See Useless Use of Backticks. Never ever use variables/backticks for open-ended lists. It's generally pointless, likely to truncate your data, and splits where it pleases instead of where you expect.

Since you're putting it in a loop anyway, you might as well save yourself the trouble and make it more direct.

The usual way to do this is

find ... | while read LINE
do
...
done

If you need to use the same results more than once, you could save find's output into a temporary file and read from that.

while read LINE
do
...
done < /tmp/filename
1 Like

That wouldn't work for me. I'm planning on processing the files in the script. So, I need to keep the name as the original.

---------- Post updated at 03:31 PM ---------- Previous update was at 03:14 PM ----------

So, would LINE be the "per entry" variable that I process? Like an i in:

for i in $LIST

I was never good at loops.

Would this be more "memory efficient"? Since it's in a file that would be one less thing for it stuff into memory? The targets can generate a very large list and the "server" doesn't really have that much ram; 256MB.

Yes, exactly, except you don't need to have the entire $LIST in a variable like that (a bad idea for the reasons given above).

It'd be far more efficient than cramming it into a variable. Depending on your shell, it's quite questionable whether you can cram 256 megs of text into a variable and expect it to even work no matter how much RAM you have.

1 Like

I'm one of those "BASH Punks". 256MB is how much memory I have in the "server". It's an old POS that I use to process things on instead of my workstation.

Yeah, I guess I'll go this route with my script then...

You can do a lot with 256 megs. :slight_smile:

Either use mktemp to generate a name for the temporary file, or use files like /tmp/$$-appname . This will allow several instances of the script to run without stomping over each other's temp files.

Well, I got other stuff going on too. It's also my media server, NFS server, Bittorrent seedbox, and a backup server to copy stuff off of my Dreamhost servers. "That's CRON. He fights for the Sys Ops."

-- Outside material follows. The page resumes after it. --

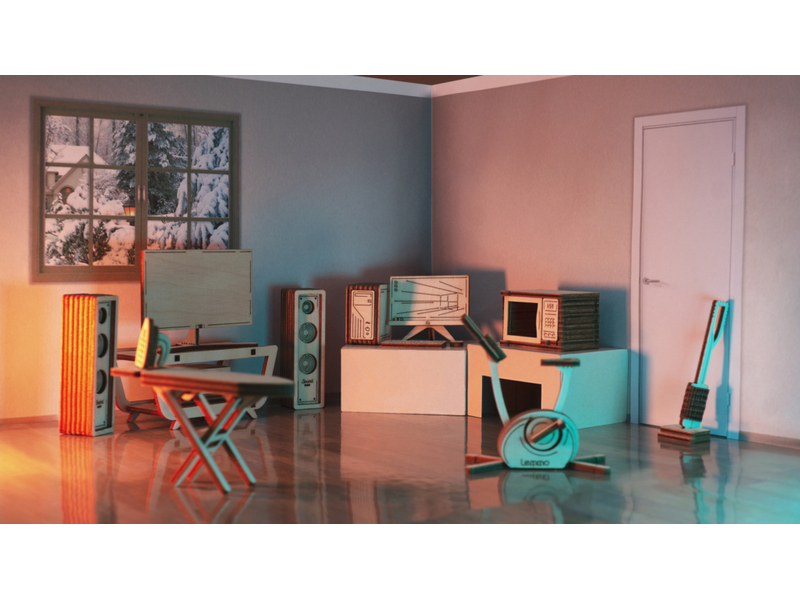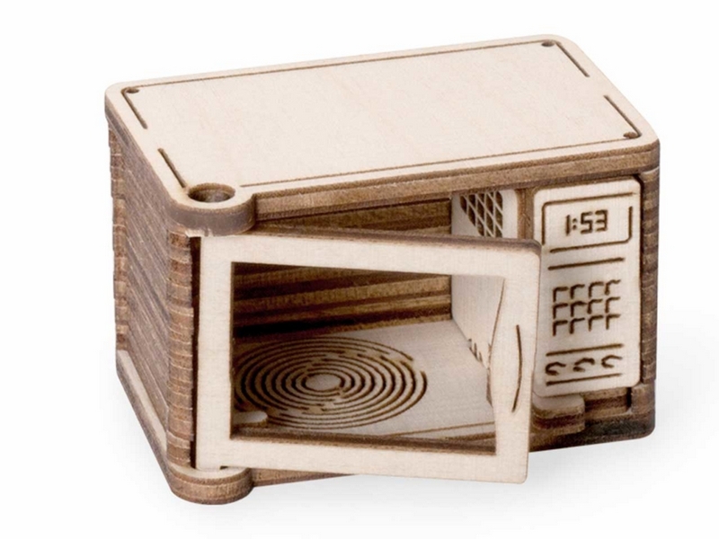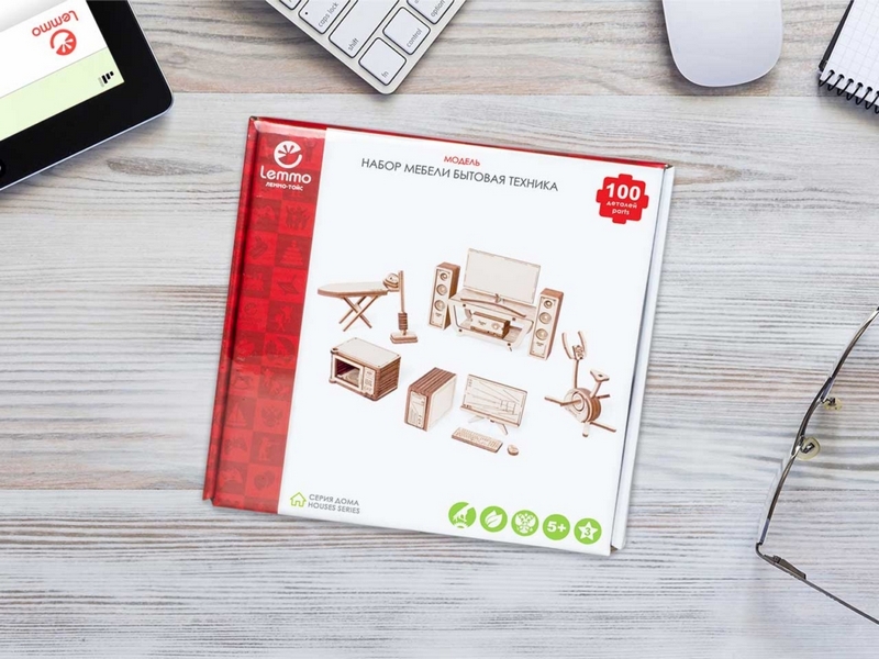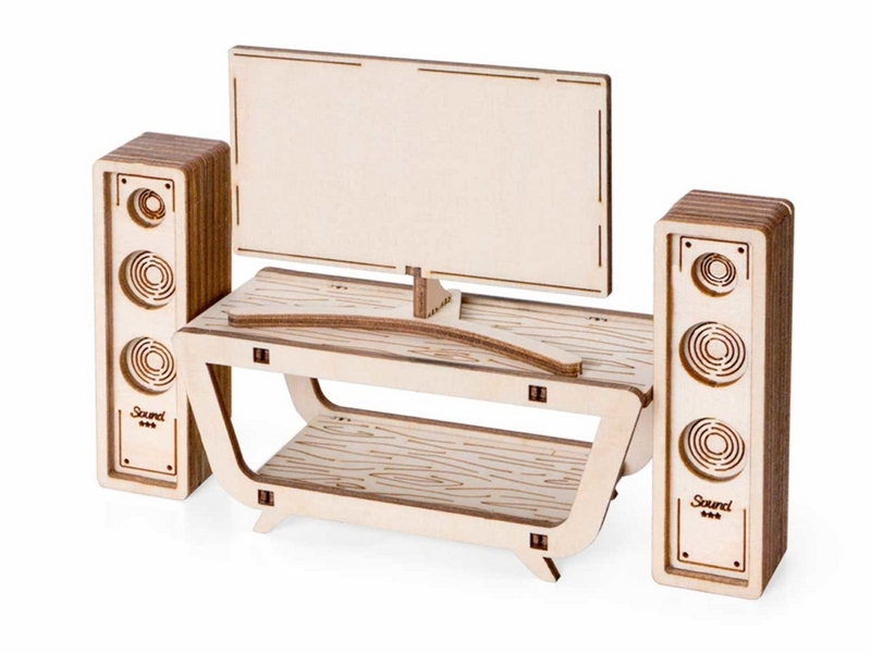 Деревянный 3D конструктор Lemmo Набор мебели "Бытовая техника". Детали конструктора выполнены из качественной древесины. Набор укомплектован наждачной бумагой. В результате сборки получается большой набор бытовой техники с подвижными элементами, в который входят колонки, телевизор, столик, пылесос, тренажёр, микроволновка, монитор, клавиатура, мышка, системный блок, музыкальный центр, гладильная доска, утюг. Крутятся педали тренажёра, вращается щётка пылесоса, открывается дверца микроволновки, раскладывается гладильная доска. При желании можно раскрасить акриловыми красками.

It can do all that plus some reasonably hefty database stuff. Just don't ask it to do Wordpress.

Let's try putting double quotes round string variables and avoiding for because it cannot deal with lists containing space characters. Also remove many extraneous semi-colon characters and ensure that we run Test [ ] not a Conditional Expression [[ ]] . Positive test for Directory rather than assuming (wrongly) that everything which is not a file is a directory.
Not sure what the sed is for, so I left it out.

#!/bin/bash

SRC="${1}"   # Start Directory  

function main {

        validate 
        run

}

function validate {
        # Is parameter missing?
        if [ -z "${SRC}" ]
        then
                printf "You need to supply a source.\n"
                exit 1
        fi
        # Is parameter a directory?
        if [ ! -d "${SRC}" ]
        then
                printf "This is not a directory! You need to specify a directory.\n"
                exit 1
        fi
}

function run {

        find "${SRC}" -type f | while read filename
        do
                printf "${filename}\n"
        done
}

main

Ps. I must have missed the bit in post #1 which says what the script is meant to do!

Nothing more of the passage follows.